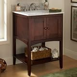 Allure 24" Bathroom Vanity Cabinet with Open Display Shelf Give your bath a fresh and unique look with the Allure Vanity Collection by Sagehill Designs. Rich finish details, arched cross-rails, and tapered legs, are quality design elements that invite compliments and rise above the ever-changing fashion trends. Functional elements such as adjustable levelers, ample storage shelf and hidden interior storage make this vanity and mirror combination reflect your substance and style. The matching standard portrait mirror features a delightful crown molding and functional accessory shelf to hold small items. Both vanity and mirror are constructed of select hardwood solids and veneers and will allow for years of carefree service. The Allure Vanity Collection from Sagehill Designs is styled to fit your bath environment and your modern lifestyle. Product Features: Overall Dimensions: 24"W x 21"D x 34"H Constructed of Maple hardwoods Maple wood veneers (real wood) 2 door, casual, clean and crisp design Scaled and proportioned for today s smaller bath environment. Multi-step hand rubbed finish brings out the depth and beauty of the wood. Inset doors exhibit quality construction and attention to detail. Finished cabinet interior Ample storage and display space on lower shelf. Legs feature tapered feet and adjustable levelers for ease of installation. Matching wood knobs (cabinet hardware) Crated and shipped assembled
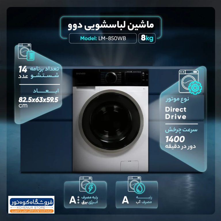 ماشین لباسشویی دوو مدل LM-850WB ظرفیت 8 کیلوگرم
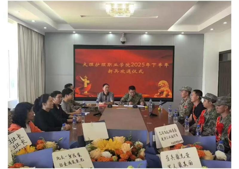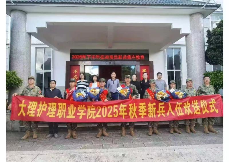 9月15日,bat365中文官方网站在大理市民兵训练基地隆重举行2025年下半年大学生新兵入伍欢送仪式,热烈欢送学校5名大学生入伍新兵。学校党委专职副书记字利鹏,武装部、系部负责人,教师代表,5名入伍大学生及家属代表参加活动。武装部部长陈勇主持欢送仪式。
++++++++
What you will do
Only the pictures may be dropped when you copy the data above; everything else stays exact.

Answer box
 Allure 24" Bathroom Vanity Cabinet with Open Display Shelf Give your bath a fresh and unique look with the Allure Vanity Collection by Sagehill Designs. Rich finish details, arched cross-rails, and tapered legs, are quality design elements that invite compliments and rise above the ever-changing fashion trends. Functional elements such as adjustable levelers, ample storage shelf and hidden interior storage make this vanity and mirror combination reflect your substance and style. The matching standard portrait mirror features a delightful crown molding and functional accessory shelf to hold small items. Both vanity and mirror are constructed of select hardwood solids and veneers and will allow for years of carefree service. The Allure Vanity Collection from Sagehill Designs is styled to fit your bath environment and your modern lifestyle. Product Features: Overall Dimensions: 24"W x 21"D x 34"H Constructed of Maple hardwoods Maple wood veneers (real wood) 2 door, casual, clean and crisp design Scaled and proportioned for today s smaller bath environment. Multi-step hand rubbed finish brings out the depth and beauty of the wood. Inset doors exhibit quality construction and attention to detail. Finished cabinet interior Ample storage and display space on lower shelf. Legs feature tapered feet and adjustable levelers for ease of installation. Matching wood knobs (cabinet hardware) Crated and shipped assembled
 ماشین لباسشویی دوو مدل LM-850WB ظرفیت 8 کیلوگرم
 9月15日,bat365中文官方网站在大理市民兵训练基地隆重举行2025年下半年大学生新兵入伍欢送仪式,热烈欢送学校5名大学生入伍新兵。学校党委专职副书记字利鹏,武装部、系部负责人,教师代表,5名入伍大学生及家属代表参加活动。武装部部长陈勇主持欢送仪式。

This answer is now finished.